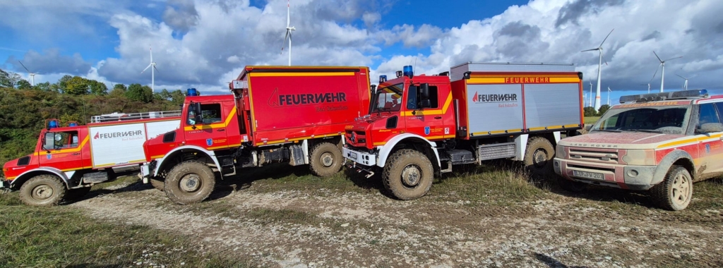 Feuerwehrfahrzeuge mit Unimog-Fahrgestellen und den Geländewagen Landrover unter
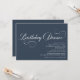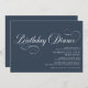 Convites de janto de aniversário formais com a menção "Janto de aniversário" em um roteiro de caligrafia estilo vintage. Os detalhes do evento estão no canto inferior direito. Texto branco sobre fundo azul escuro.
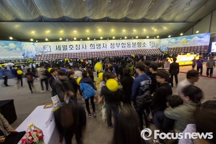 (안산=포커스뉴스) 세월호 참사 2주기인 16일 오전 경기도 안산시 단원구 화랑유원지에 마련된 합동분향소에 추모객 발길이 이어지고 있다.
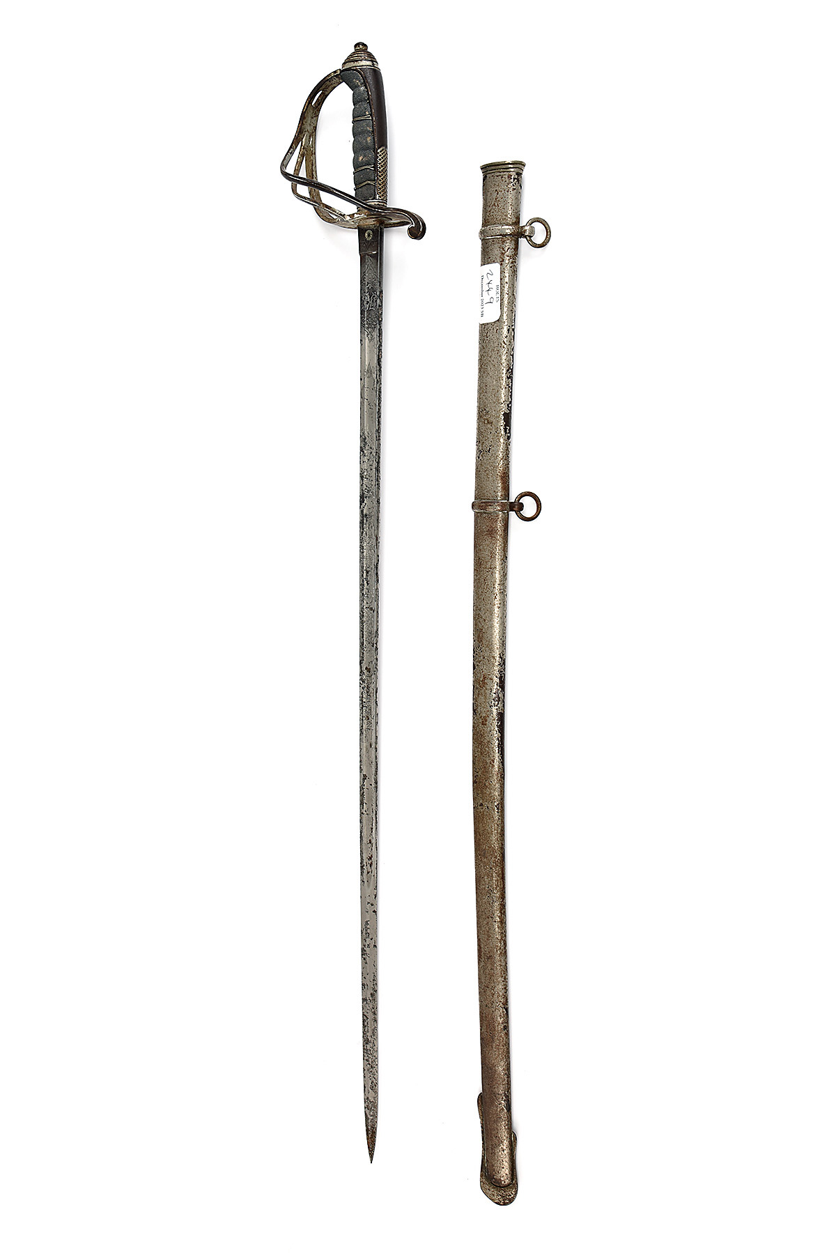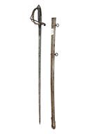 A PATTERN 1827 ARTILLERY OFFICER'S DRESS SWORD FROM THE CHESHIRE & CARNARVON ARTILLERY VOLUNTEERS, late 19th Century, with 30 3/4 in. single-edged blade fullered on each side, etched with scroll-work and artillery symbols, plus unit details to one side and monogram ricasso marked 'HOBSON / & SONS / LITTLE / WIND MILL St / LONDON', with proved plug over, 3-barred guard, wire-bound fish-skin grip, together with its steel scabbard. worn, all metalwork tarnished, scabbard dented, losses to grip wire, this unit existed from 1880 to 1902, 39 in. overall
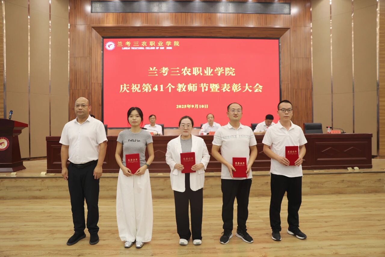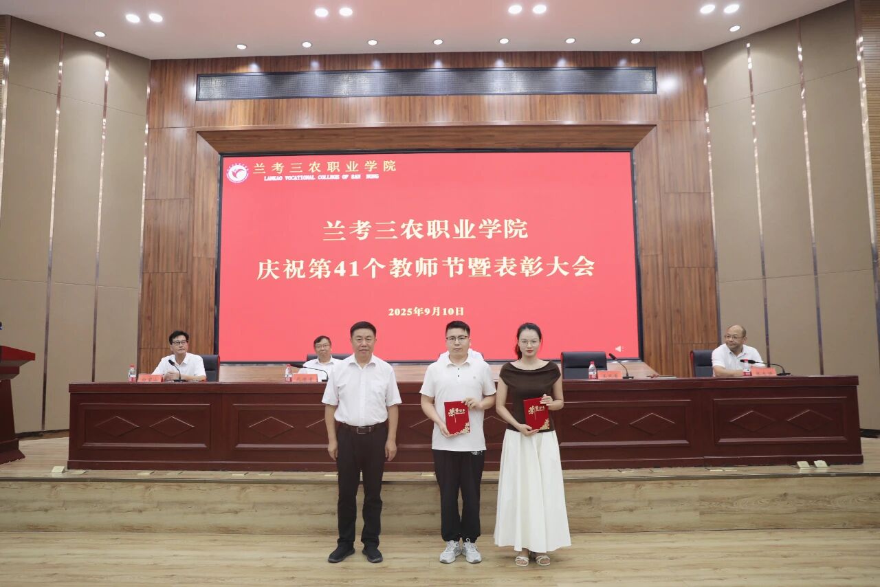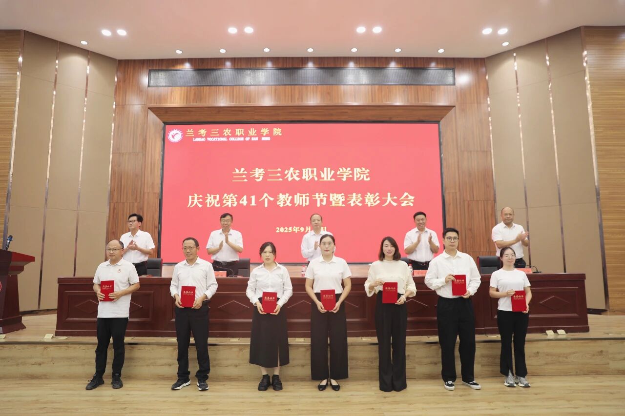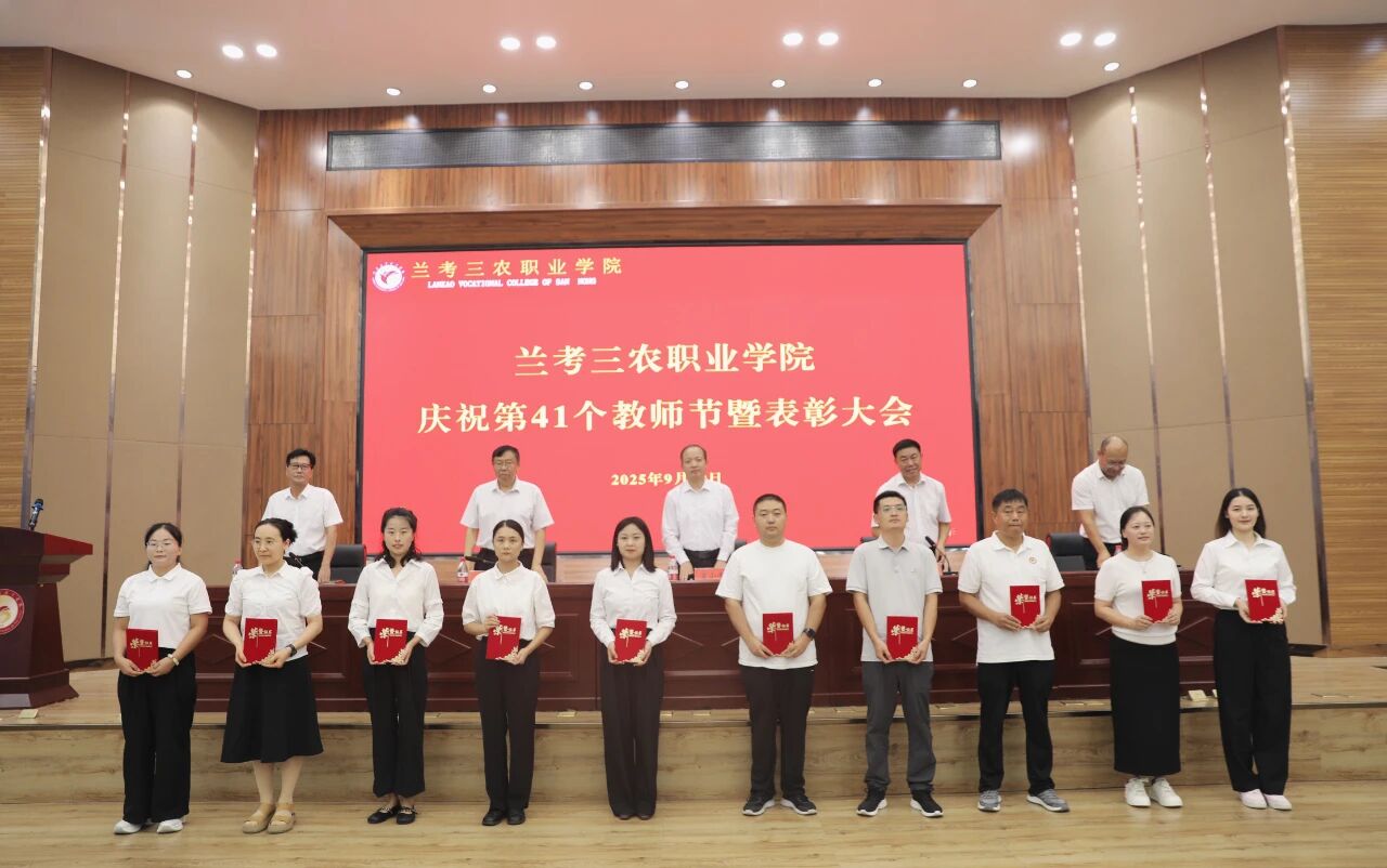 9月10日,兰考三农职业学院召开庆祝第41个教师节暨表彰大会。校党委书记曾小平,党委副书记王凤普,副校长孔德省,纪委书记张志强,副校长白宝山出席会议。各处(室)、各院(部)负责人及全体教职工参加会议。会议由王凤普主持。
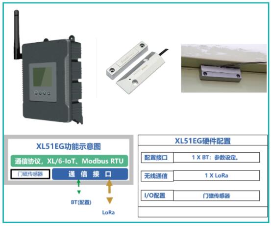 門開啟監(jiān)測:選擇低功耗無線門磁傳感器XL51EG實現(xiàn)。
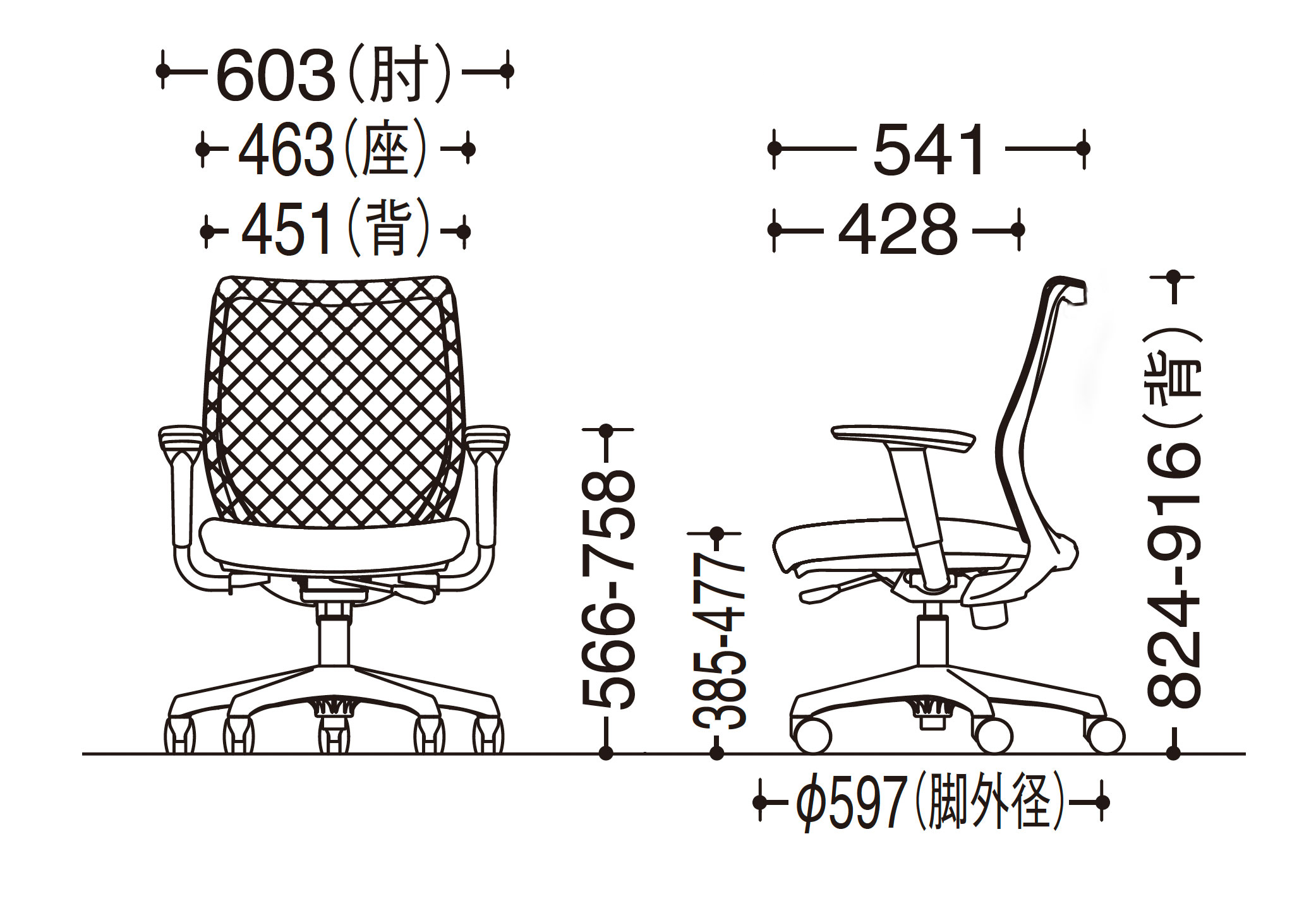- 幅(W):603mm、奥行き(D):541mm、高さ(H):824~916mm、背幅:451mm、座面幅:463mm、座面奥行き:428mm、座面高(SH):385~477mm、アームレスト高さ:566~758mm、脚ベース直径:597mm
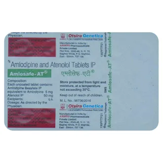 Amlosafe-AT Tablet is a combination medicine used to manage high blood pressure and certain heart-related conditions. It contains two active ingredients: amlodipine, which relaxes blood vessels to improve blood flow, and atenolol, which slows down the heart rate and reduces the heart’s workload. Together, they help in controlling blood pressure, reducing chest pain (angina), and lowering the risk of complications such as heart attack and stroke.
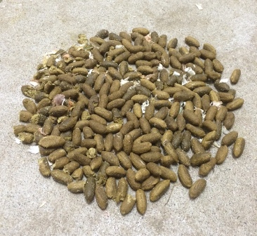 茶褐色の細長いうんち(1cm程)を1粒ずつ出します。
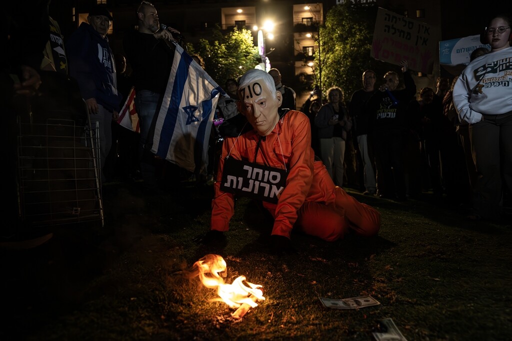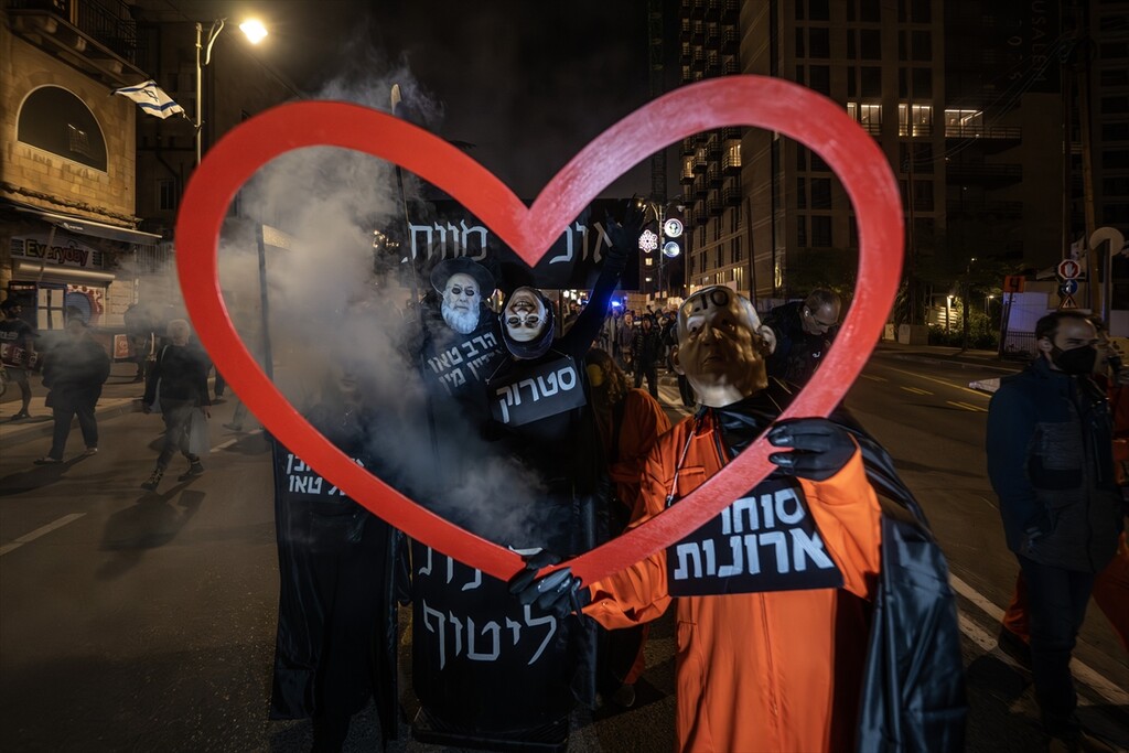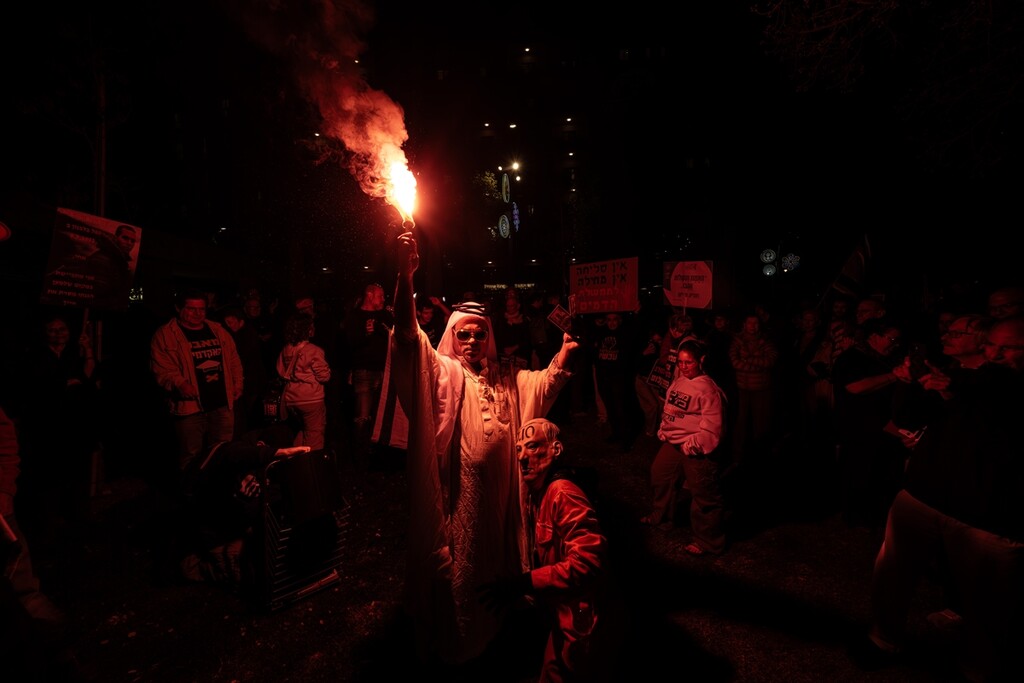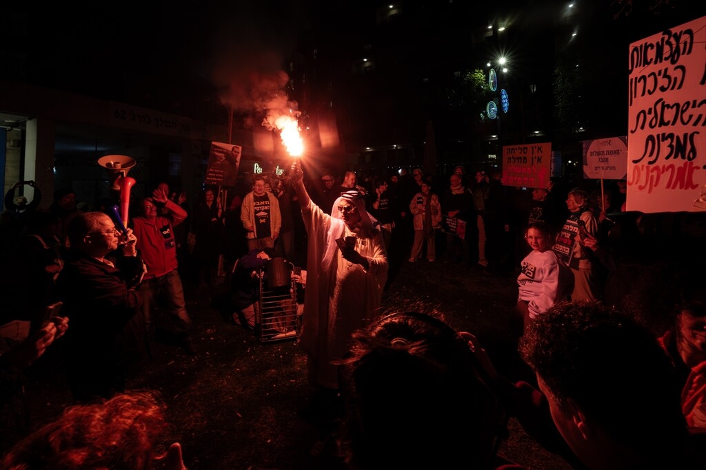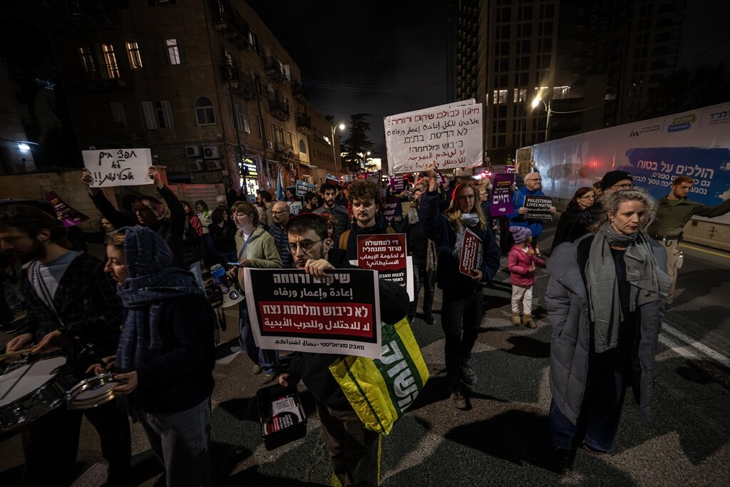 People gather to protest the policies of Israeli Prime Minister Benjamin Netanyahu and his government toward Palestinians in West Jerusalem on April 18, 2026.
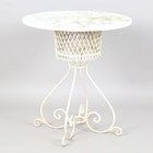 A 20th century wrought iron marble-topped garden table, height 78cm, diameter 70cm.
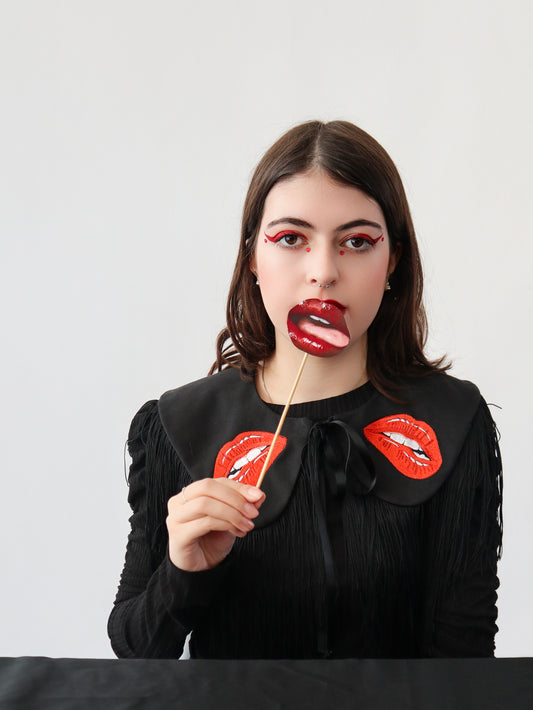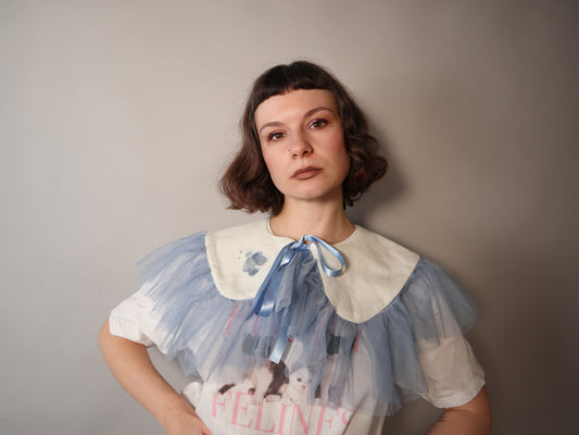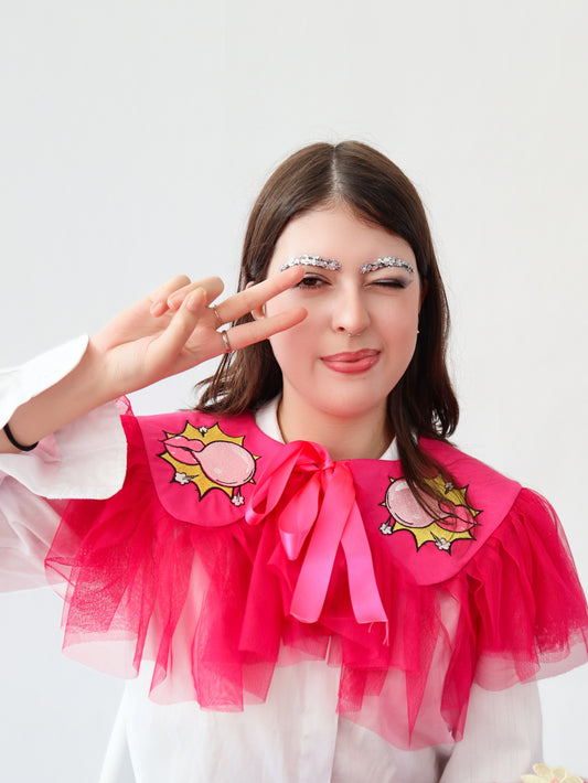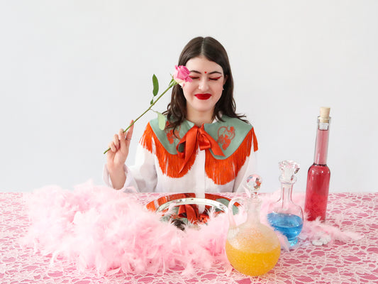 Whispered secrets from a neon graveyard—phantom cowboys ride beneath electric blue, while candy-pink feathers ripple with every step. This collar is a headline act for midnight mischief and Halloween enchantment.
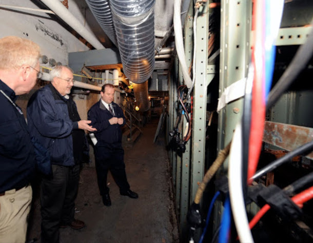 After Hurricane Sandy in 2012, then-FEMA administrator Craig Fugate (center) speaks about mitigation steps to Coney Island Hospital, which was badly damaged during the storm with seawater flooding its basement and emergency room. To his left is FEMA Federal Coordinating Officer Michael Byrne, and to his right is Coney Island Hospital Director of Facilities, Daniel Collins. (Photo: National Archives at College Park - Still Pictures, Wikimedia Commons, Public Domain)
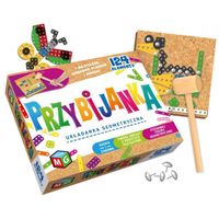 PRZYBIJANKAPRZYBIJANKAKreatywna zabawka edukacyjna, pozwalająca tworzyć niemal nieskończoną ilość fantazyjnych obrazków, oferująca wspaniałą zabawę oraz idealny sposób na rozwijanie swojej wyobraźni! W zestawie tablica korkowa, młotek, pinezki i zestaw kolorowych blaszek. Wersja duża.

Task to complete
Each entry above should be copied exactly. The pictures should not.

Output below
 Feuerwehrfahrzeuge mit Unimog-Fahrgestellen und den Geländewagen Landrover unter
 Convites de janto de aniversário formais com a menção "Janto de aniversário" em um roteiro de caligrafia estilo vintage. Os detalhes do evento estão no canto inferior direito. Texto branco sobre fundo azul escuro.
 (안산=포커스뉴스) 세월호 참사 2주기인 16일 오전 경기도 안산시 단원구 화랑유원지에 마련된 합동분향소에 추모객 발길이 이어지고 있다.
 A PATTERN 1827 ARTILLERY OFFICER'S DRESS SWORD FROM THE CHESHIRE & CARNARVON ARTILLERY VOLUNTEERS, late 19th Century, with 30 3/4 in. single-edged blade fullered on each side, etched with scroll-work and artillery symbols, plus unit details to one side and monogram ricasso marked 'HOBSON / & SONS / LITTLE / WIND MILL St / LONDON', with proved plug over, 3-barred guard, wire-bound fish-skin grip, together with its steel scabbard. worn, all metalwork tarnished, scabbard dented, losses to grip wire, this unit existed from 1880 to 1902, 39 in. overall
 9月10日,兰考三农职业学院召开庆祝第41个教师节暨表彰大会。校党委书记曾小平,党委副书记王凤普,副校长孔德省,纪委书记张志强,副校长白宝山出席会议。各处(室)、各院(部)负责人及全体教职工参加会议。会议由王凤普主持。
 門開啟監(jiān)測:選擇低功耗無線門磁傳感器XL51EG實現(xiàn)。
- 幅(W):603mm、奥行き(D):541mm、高さ(H):824~916mm、背幅:451mm、座面幅:463mm、座面奥行き:428mm、座面高(SH):385~477mm、アームレスト高さ:566~758mm、脚ベース直径:597mm
 Amlosafe-AT Tablet is a combination medicine used to manage high blood pressure and certain heart-related conditions. It contains two active ingredients: amlodipine, which relaxes blood vessels to improve blood flow, and atenolol, which slows down the heart rate and reduces the heart’s workload. Together, they help in controlling blood pressure, reducing chest pain (angina), and lowering the risk of complications such as heart attack and stroke.
 茶褐色の細長いうんち(1cm程)を1粒ずつ出します。
 People gather to protest the policies of Israeli Prime Minister Benjamin Netanyahu and his government toward Palestinians in West Jerusalem on April 18, 2026.
 A 20th century wrought iron marble-topped garden table, height 78cm, diameter 70cm.
 Whispered secrets from a neon graveyard—phantom cowboys ride beneath electric blue, while candy-pink feathers ripple with every step. This collar is a headline act for midnight mischief and Halloween enchantment.
 After Hurricane Sandy in 2012, then-FEMA administrator Craig Fugate (center) speaks about mitigation steps to Coney Island Hospital, which was badly damaged during the storm with seawater flooding its basement and emergency room. To his left is FEMA Federal Coordinating Officer Michael Byrne, and to his right is Coney Island Hospital Director of Facilities, Daniel Collins. (Photo: National Archives at College Park - Still Pictures, Wikimedia Commons, Public Domain)
 PRZYBIJANKAPRZYBIJANKAKreatywna zabawka edukacyjna, pozwalająca tworzyć niemal nieskończoną ilość fantazyjnych obrazków, oferująca wspaniałą zabawę oraz idealny sposób na rozwijanie swojej wyobraźni! W zestawie tablica korkowa, młotek, pinezki i zestaw kolorowych blaszek. Wersja duża.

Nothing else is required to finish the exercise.